The Australian Competition and Consumer Commission has extended the timeline for its review of Transurban’s bid for the WestConnex toll road project, delaying the decision until 6 September.
The ACCC published a statement of issues concerning Transurban’s bid in May and indicated a deadline of July 19 for the completion of its review. This has been pushed back to September to allow the organisation “sufficient time to consider the competition issues relating to the proposed acquisition”, it said in a statement.
ACCC chairman Rod Sims said the competition watchdog had not taken the decision lightly as this “may have flow-on impacts for the WestConnex sale process”, but “needs to get to the bottom” of any competition concerns before making a ruling.

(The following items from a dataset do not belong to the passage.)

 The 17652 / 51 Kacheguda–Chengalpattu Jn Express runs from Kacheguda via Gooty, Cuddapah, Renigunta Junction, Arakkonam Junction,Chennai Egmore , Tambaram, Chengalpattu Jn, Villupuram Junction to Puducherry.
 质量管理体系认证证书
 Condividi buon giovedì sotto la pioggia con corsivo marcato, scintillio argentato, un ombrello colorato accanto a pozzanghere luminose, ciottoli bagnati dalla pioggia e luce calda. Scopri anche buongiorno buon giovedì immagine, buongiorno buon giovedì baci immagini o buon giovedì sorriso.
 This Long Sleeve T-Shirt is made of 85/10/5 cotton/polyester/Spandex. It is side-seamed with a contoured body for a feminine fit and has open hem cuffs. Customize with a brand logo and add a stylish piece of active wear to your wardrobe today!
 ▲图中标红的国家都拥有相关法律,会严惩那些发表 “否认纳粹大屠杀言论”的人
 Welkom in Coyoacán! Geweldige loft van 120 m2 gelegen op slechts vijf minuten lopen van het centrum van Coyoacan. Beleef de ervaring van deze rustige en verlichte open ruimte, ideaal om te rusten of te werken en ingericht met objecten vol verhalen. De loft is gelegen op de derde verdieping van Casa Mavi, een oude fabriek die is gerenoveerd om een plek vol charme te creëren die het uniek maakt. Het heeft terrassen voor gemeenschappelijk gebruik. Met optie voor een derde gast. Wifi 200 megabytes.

Final bids for a 51 percent stake in the Sydney Motorway Corporation, the New South Wales Government-owned entity charged with developing and operating WestConnex, are due on 23 July.

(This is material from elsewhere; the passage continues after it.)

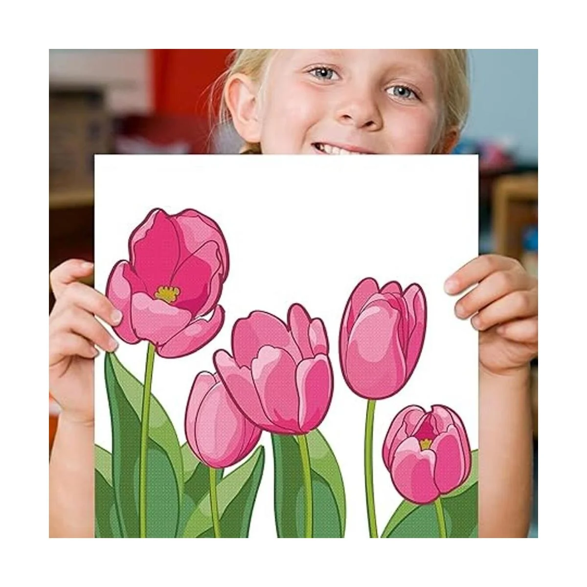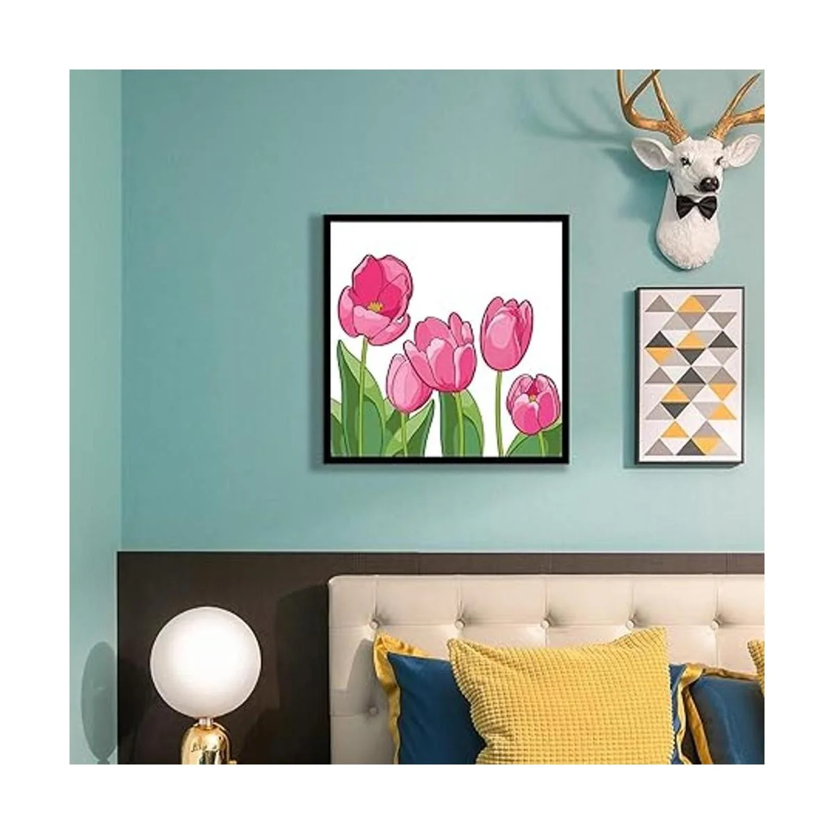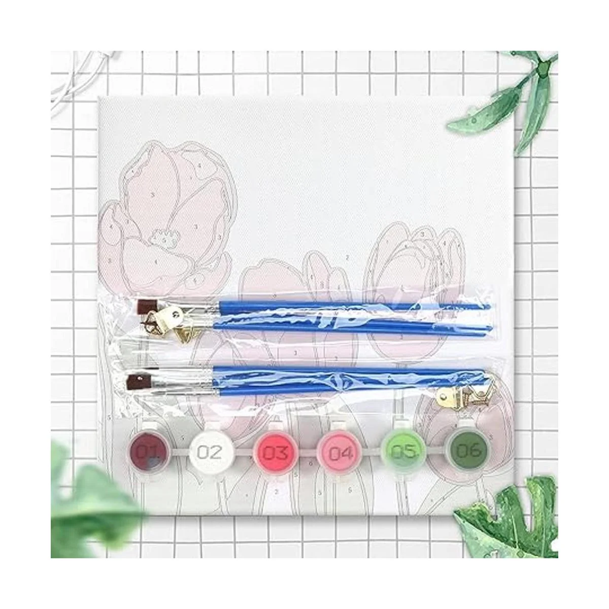 Dynippy Pintura al óleo enmarcada por números para niños y adultos principiantes Lienzo colorido acrílico al óleo fácil kit de pintura para adultos y niños 8 x 8 pulgadas Flor rosa

The NSW Government is now considering whether to extend the bidding process to allow Transurban to compete or continue with only one realistic bidder, a source familiar with the process told Infrastructure Investor.
The only other bidder for WestConnex is a consortium led by IFM Investors, the Melbourne-based asset manager. IFM declined to comment on the ACCC statement.
WestConnex is the largest road project under construction in Australia and “a major transaction in the context of NSW toll roads, arguably the most significant in [the country] in the foreseeable future”, according to Sims. It will comprise 33 kilometres of interconnected motorways and road upgrades. The project will be carried out in three stages and is estimated to cost A$16.8 billion ($12.5 billion; €10.7 billion).
In its February statement of issues, the ACCC raised two concerns about the bid from Sydney Transport Partners, a consortium led by Transurban as the majority interest holder, with AustralianSuper, Canada Pension Plan Investment Board and Tawreed Investments holding minority stakes.
First was the impact on future toll road concessions, with the ACCC contending that incumbent operators have significant advantages over non-incumbents when bidding for subsequent concessions due to knowledge of detailed traffic data and the ability to leverage existing concessions. Transurban owns or has a controlling stake in 15 of 19 toll road concessions in Australia and seven of nine in NSW.
The second concern centred around reduced competition between existing toll roads, as motorists could substitute WestConnex roads for certain other Transurban-owned stretches when travelling to certain destinations. An alternative WestConnex bidder could lead to lower tolls and better service, the ACCC contended.
A spokesman for NSW Treasury said in a statement: “The government is aware of the delay relating to the ACCC’s review of the proposed bid by the Sydney Transport Partners consortium for the acquisition of 51 per cent of Sydney Motorway Corporation.
“The government is committed to securing the sale proceeds that will help fund the critical M4-M5 Link,” he added.
In a statement to the ASX, Transurban said it was aware of the ACCC decision and that it was “engaging with the NSW Government” regarding the sale process.
Sydney Motorway Corporation and Transurban did not respond to requests for comment.